The tangent to a curve just touches the curve at a given point. It does not pass through the curve at this point, although it can intersect the curve at another location.

A line that passes through two points on a curve is called a secant line. The secant line is shown in green above. This is not a tangent line.

How to Find the Equation of a Tangent using Differentiation

  1. Differentiate the function of the curve.
  2. Substitute the x-coordinate of the given point into this derivative to find the gradient, ‘m’.
  3. Substitute the given coordinates (x,y) along with ‘m’ into ‘y=mx+c’ and then solve to find ‘c’.
  4. Substitute these values of ‘m’ and ‘c’ into ‘y=mx+c’.

Example 1: Equation of the Tangent to a Parabola

For example, find the equation of the tangent to the curve y equals x squared plus 3 x minus 1 at the point (1, 3).

Step 1. Differentiate the function of the curve

If y equals x squared plus 3 x minus 1, then

d y over d x equals 2 x plus 3

Step 2. Substitute the x-coordinate of the given point into this derivative to find the gradient, ‘m’

The gradient anywhere on the curve is found by the gradient function, d y over d x equals 2 x plus 3.

The tangent is at the point (1, 3).

Here, x=1.

Substituting x=1 into the gradient function d y over d x equals 2 x plus 3, the gradient at this point is found.

2 times 1 plus 3 and so, m=5.

step 2 of finding the equation of a tangent

Step 3. Substitute the given coordinates (x,y) along with ‘m’ into ‘y=mx+c’ and then solve to find ‘c’

Since the tangent is at the point (1, 3), this is where x = 1 and y = 3.

The value of m at this point was previously found to be m = 5.

The tangent is a straight line and so, is represented with the straight line equation y equals m x plus c.

Substituting the values of x = 1, y = 3 and m = 5 into this equation, it becomes 3 equals 5 times 1 plus c.

Solving this equation for c, it is found that c = -2.

step 3 of finding the equation of a tangent

Step 4. Substitute these values of ‘m’ and ‘c’ into y=mx+c

It has been found that m = 5 and c = -2.

Replacing these values in y equals m x plus c, the equation of the tangent is y equals 5 x minus 2.

how to find the equation of a tangent to a curve

How to Find Where the Tangent Meets the Curve Again

To find where a tangent meets the curve again, first find the equation of the tangent.

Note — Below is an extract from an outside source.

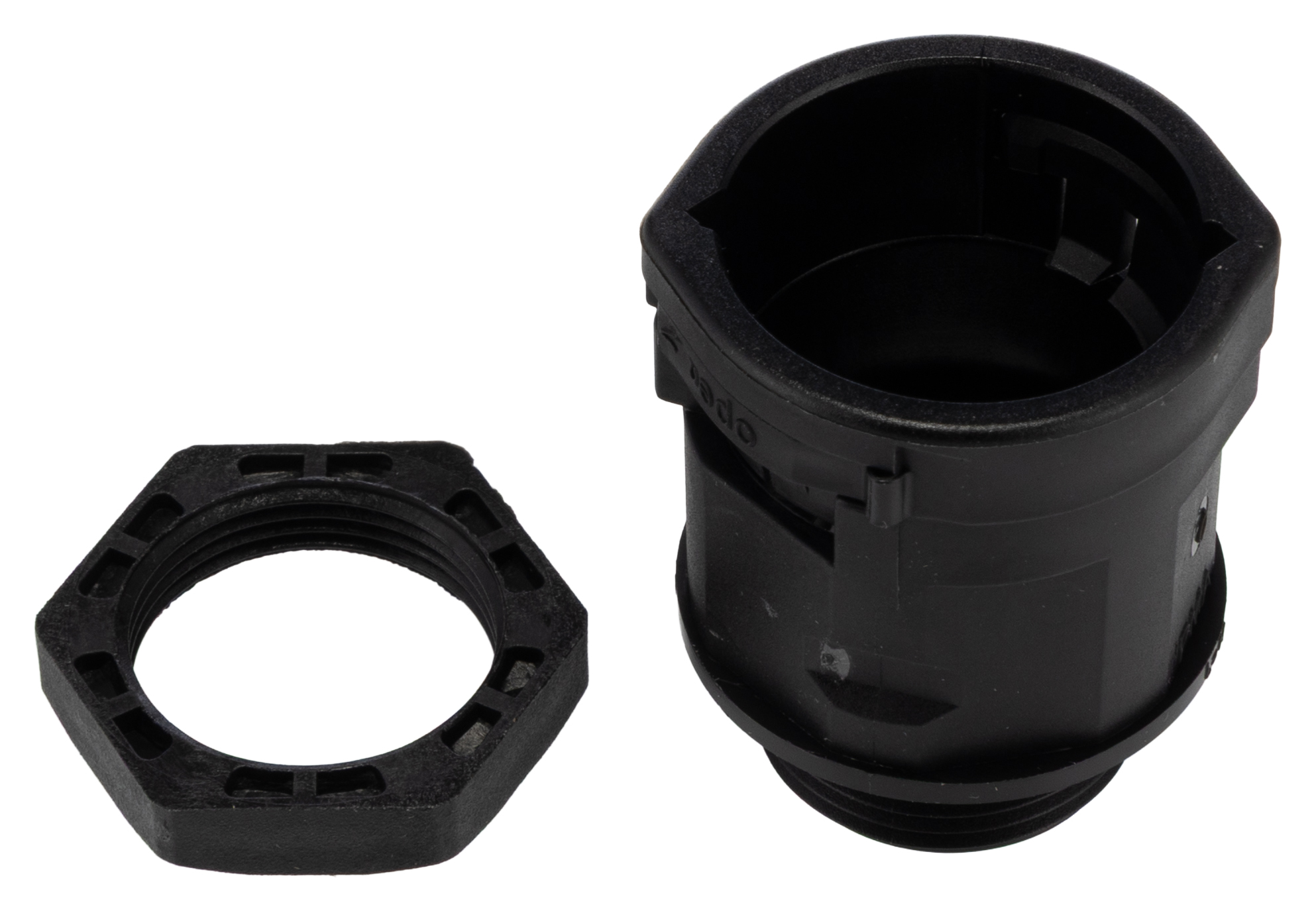 This is Straight Cable Conduit Fitting PA 6 Black Black 25mm nominal size IP66 M25 manufactured by PMA. The manufacturer part number is ALND-M253. This straight tool is easy to use with versatile applications in various settings. A quality product with a nice black finish. It is IP rated with ip66. It has a decent black colour. The product is made from highly stable and reliable pa 6. It has a typical thread size of m25. It has about 25mm nominal size .

Then use simultaneous equations to solve both the equation of the tangent and the equation of the curve. Each pair of x and y solutions corresponds to a coordinate (x, y) where the tangent intersects the curve.

For example, find the tangent to y equals the fraction with numerator 2 and denominator x squared at (-1, 2) and find the coordinates where the tangent intersects the curve again.

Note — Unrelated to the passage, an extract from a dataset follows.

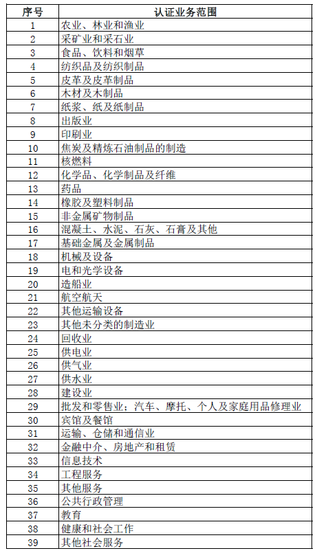 1、认证业务范围: ●质量管理体系 ●环境管理体系 ●职业健康安全管理体系 ●工程建设施工企业质量管理规范 ●医疗器械质量管理体系 ●石油天然气工业健康、安全与环境管理体系(HSE) ●诚信管理体系 ●反贿赂管理体系 ●业务连续性管理体系 ●道路交通安全管理体系 ●合规性管理体系 ●保安服务管理体系 ●供应链安全管理体系 ●碳管理体系认证 ●企业碳足迹管理体系 ●温室气体排放管理体系 ●碳中和管理体系 ●绿色电力管理体系 ●园林绿化养护管理体系 ●批发业和零售业服务认证: --商品售后服务认证 ●不动产服务认证: --物业服务认证 2、碳核查及可持续发展业务: ●ESG(环境、社会、治理)评价 ●温室气体核查 ●碳足迹核查 ●绿色设计产品评价 ●绿色工厂评价 ●绿色供应链评价 ●绿色园区评价 ●企业节能诊断服务 ●生命周期评价(LCA)服务等 3、创新发展及其它技术服务 ●验厂等二方审核 ●培训服务 ●节能评价 ●节能审查 ●节能监察 ●低碳发展规划 ●技术服务创新成果与激励机制评价报告 ●数字领航评价报告 ●智能制造服务报告 ●数智化评价报告 ●绿色发展规划报告 ●绿色发展顶层规划报告 ●绿色发展顶层规划与执行情况报告 ●绿色环保制度与体系建设评价报告 ●绿色发展实施路径报告 ●绿色采购报告 ●企业社会责任报告 ●企业节能评估报告 ●企业可持续发展报告 ●废水废气废固评价报告 ●无害化措施报告 ●清洁生产工艺技术报告 ●可持续发展管理计划 ●数智化绿色低碳体系建设综合评价报告 ●产品设计合理性报告 ●绿色环保改造升级报告 ●能耗降低评价报告 ●产品原料选择评估报告 ●产品设计先进性评估报告 ●绿色生产评价报告 ●绿色运输评价报告 ●绿色供应链评价报告 ●供应链保障措施评价报告 ●绿色回收评价报告 ●其它技术服务
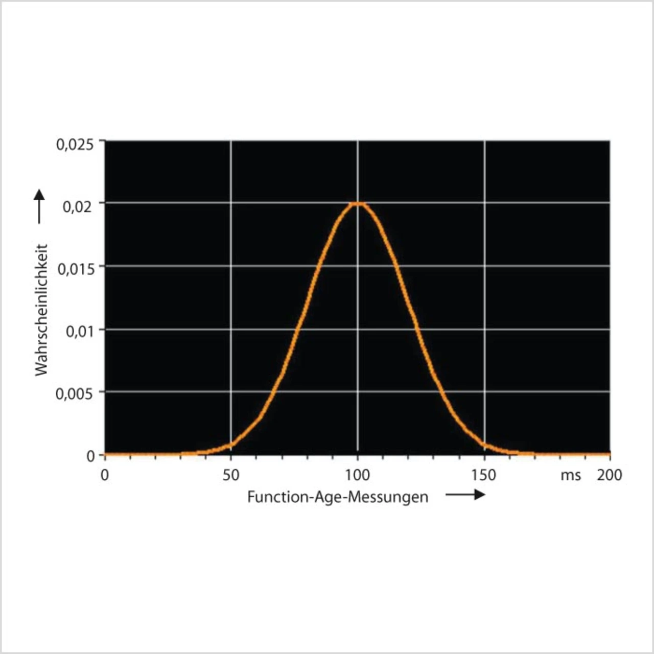 Es ist offensichtlich, dass in 14 Prozent die Ausführung der Funktion zu einem hohen Risiko führt. Dies gibt den klaren Hinweis, dass weitere Messungen durchgeführt werden müssen, um diese ersten Ergebnisse mit statistisch relevanten Daten belegen zu können. Nachdem dann aber in dem Beispiel 1000 oder mehr Messungen durchgeführt wurden, ergeben die Messergebnisse die erwartete Normalverteilung über der Zeit.

Firstly, the equation of the tangent is found.

Since y equals 2 x to the negative 2 power, the derivative d y over d x equals negative 4 x to the negative 3 power.

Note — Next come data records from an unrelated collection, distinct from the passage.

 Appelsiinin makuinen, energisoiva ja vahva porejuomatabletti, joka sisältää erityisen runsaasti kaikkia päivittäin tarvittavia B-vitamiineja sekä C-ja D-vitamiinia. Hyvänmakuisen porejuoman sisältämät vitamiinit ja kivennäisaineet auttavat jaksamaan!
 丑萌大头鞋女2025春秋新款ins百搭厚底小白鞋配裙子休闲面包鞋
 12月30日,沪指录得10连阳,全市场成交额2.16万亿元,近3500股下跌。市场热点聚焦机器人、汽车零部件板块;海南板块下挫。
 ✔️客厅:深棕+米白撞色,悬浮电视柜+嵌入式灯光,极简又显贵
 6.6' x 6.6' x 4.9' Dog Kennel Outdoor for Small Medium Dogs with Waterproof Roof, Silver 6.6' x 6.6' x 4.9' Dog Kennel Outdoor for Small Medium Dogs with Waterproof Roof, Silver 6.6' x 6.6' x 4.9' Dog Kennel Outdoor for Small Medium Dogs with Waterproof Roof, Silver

Substituting x equals negative 1 into this derivative, it is found that m equals 4.

Substituting x equals negative 1, y equals 2 and m equals 4 into y equals m x plus c,

2 equals 4 times negative 1 plus c and so, c equals 6.

Therefore since m equals 4 and c equals 6, the equation of the tangent is y equals 4 x plus 6.

how to find the equation of a tangent to a rational function

To find where a tangent to a curve meets the curve again, solve the equation of the tangent and the equation of the curve simultaneously.

Simultaneous equations are used to find the coordinates of intersection of two lines.

The equations y equals 4 x plus 6 and y equals the fraction with numerator 2 and denominator x squared can be solved by setting the equations equal to each other to get 4 x plus 6 equals the fraction with numerator 2 and denominator x squared.

Multiplying each term by x squared, the equation becomes 4 x cubed plus 6 x squared equals 2.

We subtract 2 from both sides to set the equation equal to zero: 4 x cubed plus 6 x squared minus 2 equals 0.

Dividing each term by 2, the equation becomes: 2 x cubed plus 3 x squared minus 1 equals 0.

We already know that one solution is found at x equals negative 1 and so one factor must be open paren x plus 1 close paren.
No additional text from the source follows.